Lehigh Breaks Ground on Bridge West Residence Hall
Joining Lehigh President John D. Simon '19P (center) at the groundbreaking ceremony for Bridge West were (from left to right): Brent Stringfellow, Associate Vice President and University Architect; Robert L. Brown III '78, Vice Chair of the Lehigh Board of Trustees; Ricardo Hall, Vice Provost for Student Affairs; and Patricia A. Johnson, Vice President for Finance and Administration.
Lehigh has just taken another important step forward along the Path to Prominence.
As finals for the fall semester came to a close, Lehigh officials led by President John Simon gathered for the groundbreaking of the Bridge West residence hall, a new student living facility that, in tandem with the renovated University Center, will bring new vitality and greater social interaction to the very core of campus.
In total, Bridge West will eventually provide housing for 720 students. Its construction, which will develop in two phases, is a key component of Lehigh’s plan to expand its undergraduate student population by approximately 1,000 students. Phase I of the development is expected to open by fall 2020.
“Everyone at Lehigh—senior leaders, staff, faculty—is committed to providing our students with the education and experiences that will enable them to go out into the world and make a difference,” Simon said. ”A cornerstone of the student experience is residential living. I’ve said all along that the Path to Prominence is about respecting and honoring Lehigh’s past while positioning it for an even greater future. And that, in a nutshell, is what we are doing with the Bridge West/University Center project.”
Robert L. Brown III '78, vice chair of the Lehigh Board of Trustees, said that he and his fellow trustees share in the excitement being generated by the Path to Prominence. The momentum being created by Bridge West and other Path to Prominence projects will see Lehigh “raised to even greater heights,” he said.

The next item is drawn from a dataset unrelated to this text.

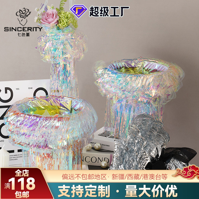 七色すみれクラゲ花束幻彩カラフルグラデーションレーザー紙透明カラフル虹膜生花花屋用品

“First and foremost, Bridge West will bring a modern living complex to the very heart of campus,” Brown said. “It will join with the newly renovated University Center to form a campus crossroads where students can work, collaborate, and socialize. Together, Bridge West and the University Center will unify our campus community, strengthen our already great traditions, and create an environment that promotes connections. And that is exactly what a world-class residential university should do—and what it should be for its students.”
The launch of the Bridge West project comes as momentum builds around some of the key components of the Path to Prominence plan.
Construction continues on the SouthSide Commons residential facility at Brodhead and Packer Avenues, with work set to be completed in time for the 2019-2020 academic year. Preliminary work has begun on the planned renovations to the University Center, a project that will see the historic facility expanded and reimagined to meet the needs of the students of today and tomorrow. The University Center project is being supported by a $20 million gift from Lehigh Board Chair Kevin L. Clayton and his wife, Lisa A. Clayton. The gift was announced during the launch of GO: The Campaign for Lehigh, a $1 billion-plus fundraising and engagement effort that will support key components of the Path to Prominence Plan.
Additionally, renovations continue at Chandler-Ullmann Hall, and planning work is nearing completion for the new Health, Science & Technology Building. That academic facility, to be built at the northwest corner of campus on the current site of the Whitaker parking lot, will provide Lehigh faculty and students modern, expansive teaching and research spaces, and will also eventually become home to the new College of Health.
Ricardo Hall, Lehigh’s vice provost for student affairs, noted that while the university is pushing forward on several major building projects, and while those projects are necessary to support Lehigh’s forward trajectory, it will be the students who live, work and study in these buildings that will ultimately bring them to life.
“Bridge West will provide living space that appeals to all students,” Hall said. “And because they’re Lehigh students, we fully expect they will utilize every inch of the space for every second of every day. They will use the space in ways we have not imagined and will make it their own. Formal space, informal space, will also be ‘Lehigh student space’ and they will do what students do best: they will imagine an even better Lehigh and an even brighter world.”